MIDS Capstone Project Spring 2025

NeuroBeacon

Team members

Mission Statement

Tenebris ad sinus custodi—Hold back the darkness.

That is why NeuroBeacon exists. In the face of a growing global crisis of cognitive decline, our mission is to empower individuals to maintain and enhance cognitive function across the lifespan. We believe that while no single solution exists, the power of consistent mental engagement—delivered thoughtfully—is profound.

NeuroBeacon is a research-driven initiative to develop adaptive, data-driven training tools grounded in behavioral science and machine learning. By integrating reinforcement learning algorithms with real-world inspired gameplay, we aim to deliver a platform that not only sharpens the mind, but does so through challenges that are engaging, meaningful, and joyful.

We are committed to combining technical rigor with elegant design to create accessible, effective, and ethically responsible tools. At the same time, we strive to provide caregivers and healthcare professionals with meaningful insights into cognitive performance—making NeuroBeacon a beacon for individuals and support networks alike.

NeuroBeacon

The problem:

Cognitive training is too often uninspiring—rigid, repetitive, and disconnected from real life. While studies support the benefits of mental engagement, traditional brain-training apps frequently fall short. They feel like chores, not challenges.

The solution:

NeuroBeacon is a game-based cognitive training platform that centers engagement and adaptability. Our interactive challenges—from math-based problem-solving to rapid-recall to visual memory and reaction time tests—are rooted in everyday cognitive demands. Each game is designed to feel intuitive, immersive, and rewarding.

What sets us apart:

At the core of NeuroBeacon is an adaptive difficulty engine powered by reinforcement learning. Rather than relying on fixed difficulty tiers, the platform dynamically adjusts to each player’s performance in real time—measuring accuracy, speed, and behavioral patterns to keep them in their optimal learning zone.

When a player excels, the challenge intensifies. If they stumble, the system scaffolds support and eases difficulty to rebuild confidence. This ensures that every session is both productive and engaging—tailored to the user, not the average.

The result:

A personalized cognitive training experience that is data-driven, responsive, and aligned with each user’s growth trajectory. NeuroBeacon isn’t just about training the brain—it’s about keeping players challenged, curious, and motivated.

Data

Our capstone project leverages reinforcement learning to personalize educational experiences through adaptive question difficulty. To support robust and transferable learning, we pre-train our model on two diverse datasets: EdNet, a large-scale dataset from an AI tutoring platform, and Duolingo's SLAM dataset, a dataset focused on second language acquisition modeling. This dual-source strategy ensures exposure to a wide range of learning behaviors and task types, promoting generalizability across educational domains.

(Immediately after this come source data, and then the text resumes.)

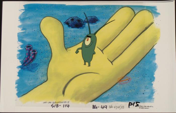 This original hand-painted background and animation cel are from the Nickelodeon TV show SpongeBob Squarepants. The story takes place under the deep blue sea in Bikini Bottom, where SpongeBob resides. SpongeBob, who is a yellow, porous sponge, is your typical happy-go-lucky character, as he is always cheerful and enjoys making people laugh. Patrick Star, SpongeBob's neighbor who is a starfish, is your average children's show idiot, as he boasts knowing nothing and is often getting himself into ridiculous situations. Between the homes of these two lies the home of the miserable Squidward, a squid, who is known for being grouchy and playing tricks on SpongeBob and Patrick. Both SpongeBob and Squidward work at the Krusty Krab, a fast food business run by the greedy money-loving Mr. Krabs, a crab, the arch rival of the evil, possibly misunderstood, Plankton. Another neighbor, Sandy Cheeks, an athletic squirrel who normally wears an astronaut's space suit, was introduced in "Tea at the Treedome." She spends most of her time inventing and experimenting. Plankton seems to have something behind his back.Original Production Background and Animated Cel Overall Size of Background: 11" x 17" Overall Size of the Cel: 10 1/2" x 12 1/2" Very good condition; it has been storedThis is an original hand-painted cel set-up used in the production of an episode of "SpongeBob SquarePants." Each one-of-a-kind set-up represents a slight change in position of the characters. When individually photographed and projected in rapid succession, the images appear to move.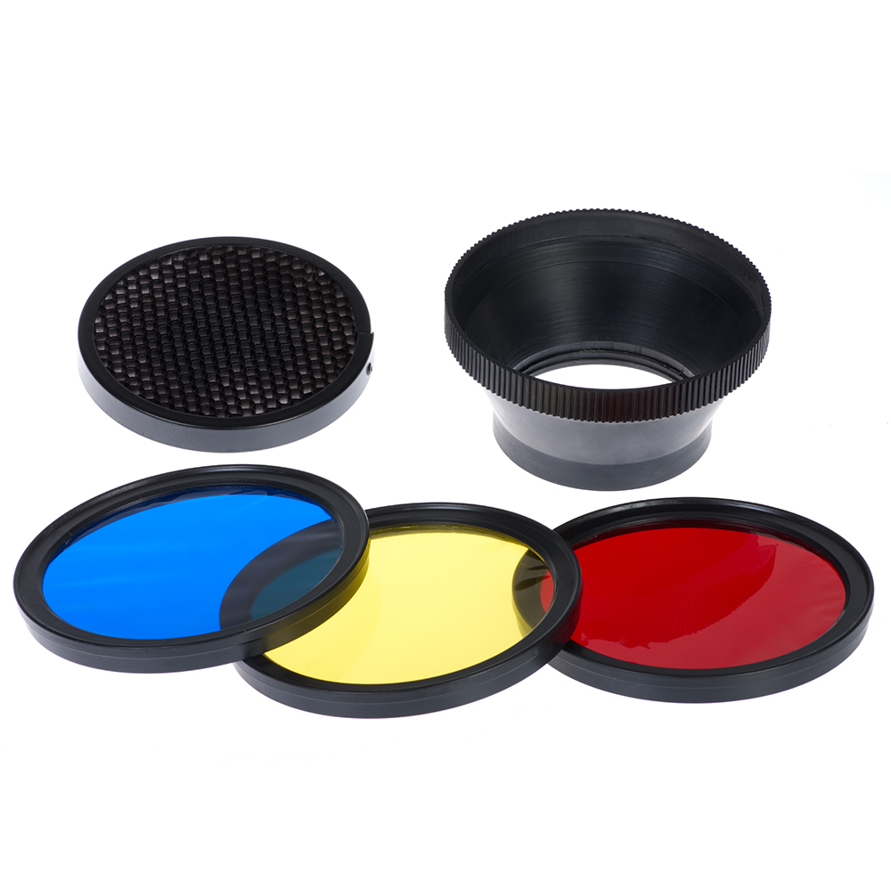 Набор насадок и фильтров для вспышек серии MF. В состав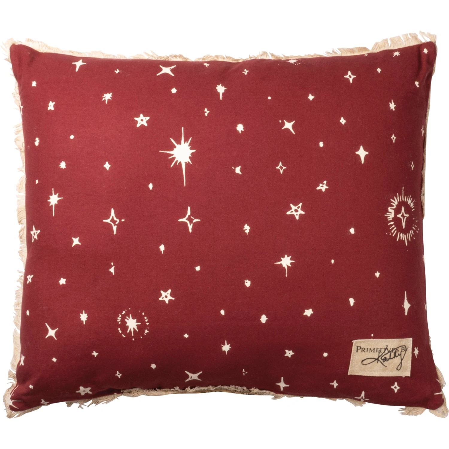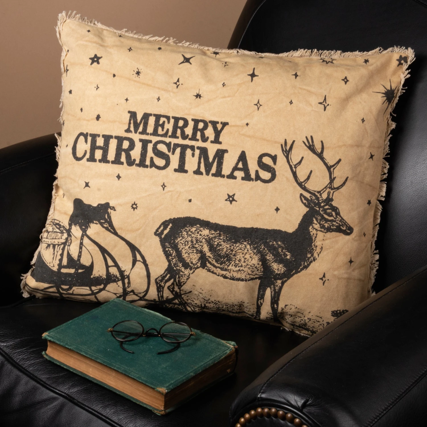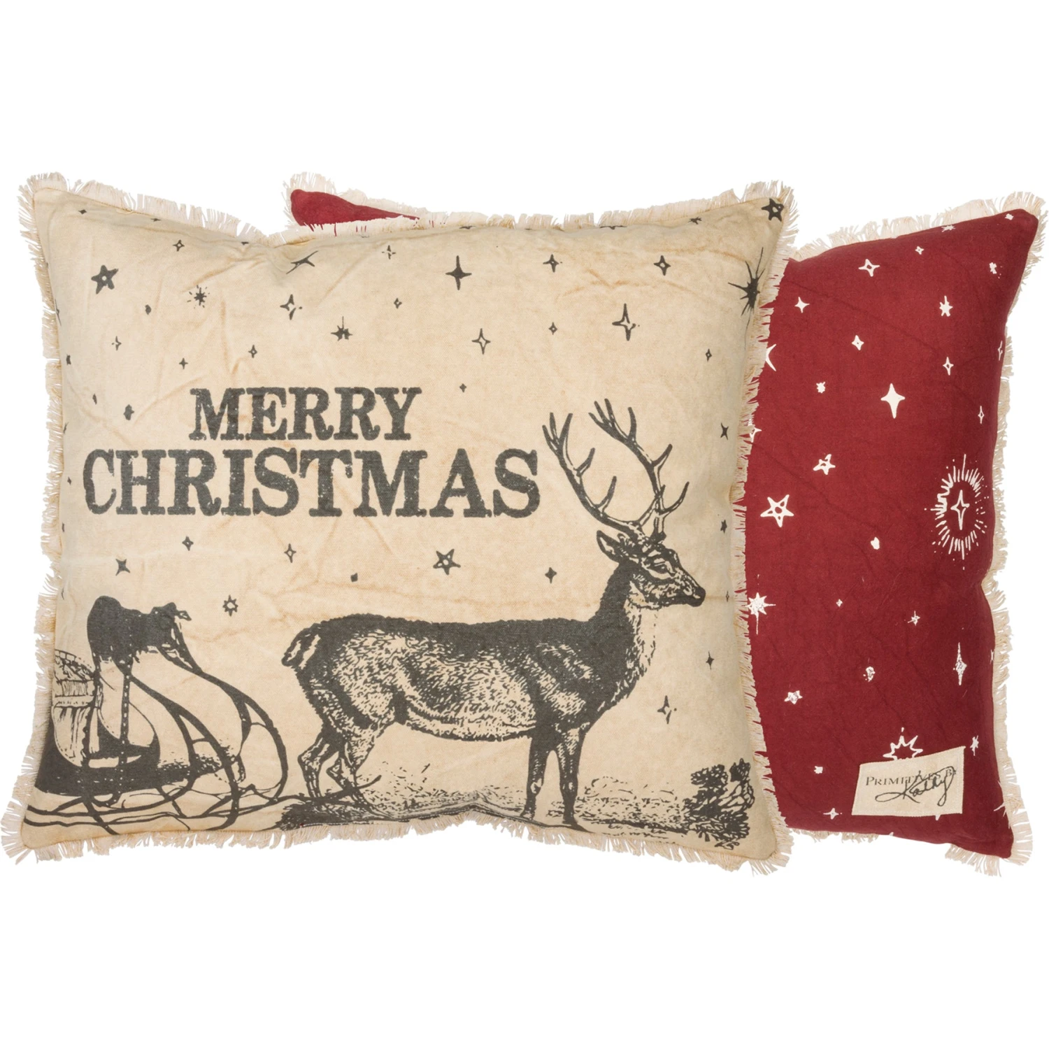 A canvas pillow lending a distressed “Merry Christmas” sentiment, reindeer and sleigh front design, reverse star print, and fringe trim in a neutral festive palette. Polyester filling. Includes a zipper to easily remove and clean cover.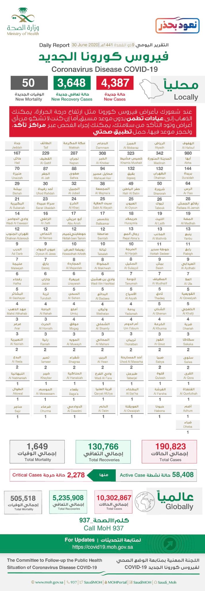 أعلنت وزارة الصحة، اليوم الثلاثاء، تسجيل 4387 إصابة جديدة بفيروس ”كورونا“ المستجد ”كوفيد - 19“ في المملكة. منها 87 في القطيف و32في صفوى.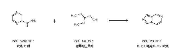 1.通過吡嗪-2-肼和原甲酸三甲酯合成[1,2,4]噻唑[4,3-a]吡嗪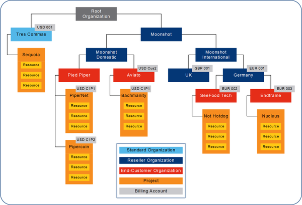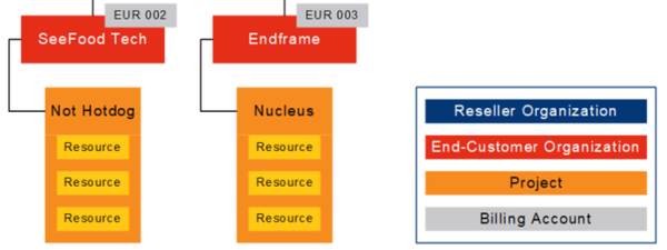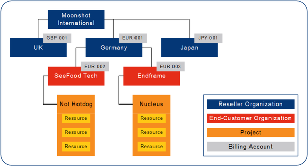 In this example, the reseller has created separate organizations and projects for their end-customers. Each project entity has been assigned a set of product specific assets required to carry out a given end-customer commitment.

Both datasets contain the following core variables:

Timestamp (relative or absolute)
User ID
Question ID
Question type
Elapsed time to question completion
Correctness of the response

Data Pipeline

We processed the raw datasets to engineer a set of domain-specific state variables that reflect learner performance and behavior over time. These features were then scaled based on known minimum and maximum values. The resulting state representation encapsulates both short-term and long-term learner trends:

State Variables and Descriptions
State Variable	Description
prev_is_slow	Previous answer was slow
prev_is_correct	Previous answer was correct
questions_roll_ct	Rolling count of previous questions answered
correct_answers_roll_sum	Rolling count of previous questions answered correctly
percent_correct_roll	Rolling percentage of previous questions answered correctly
percent_correct_group_roll	Rolling percentage of previous similar questions answered correctly
elapsed_time_cum_avg	Average time to completion of previously answered questions
cumulative_reward	overall “grade” so far: continuous [0,1]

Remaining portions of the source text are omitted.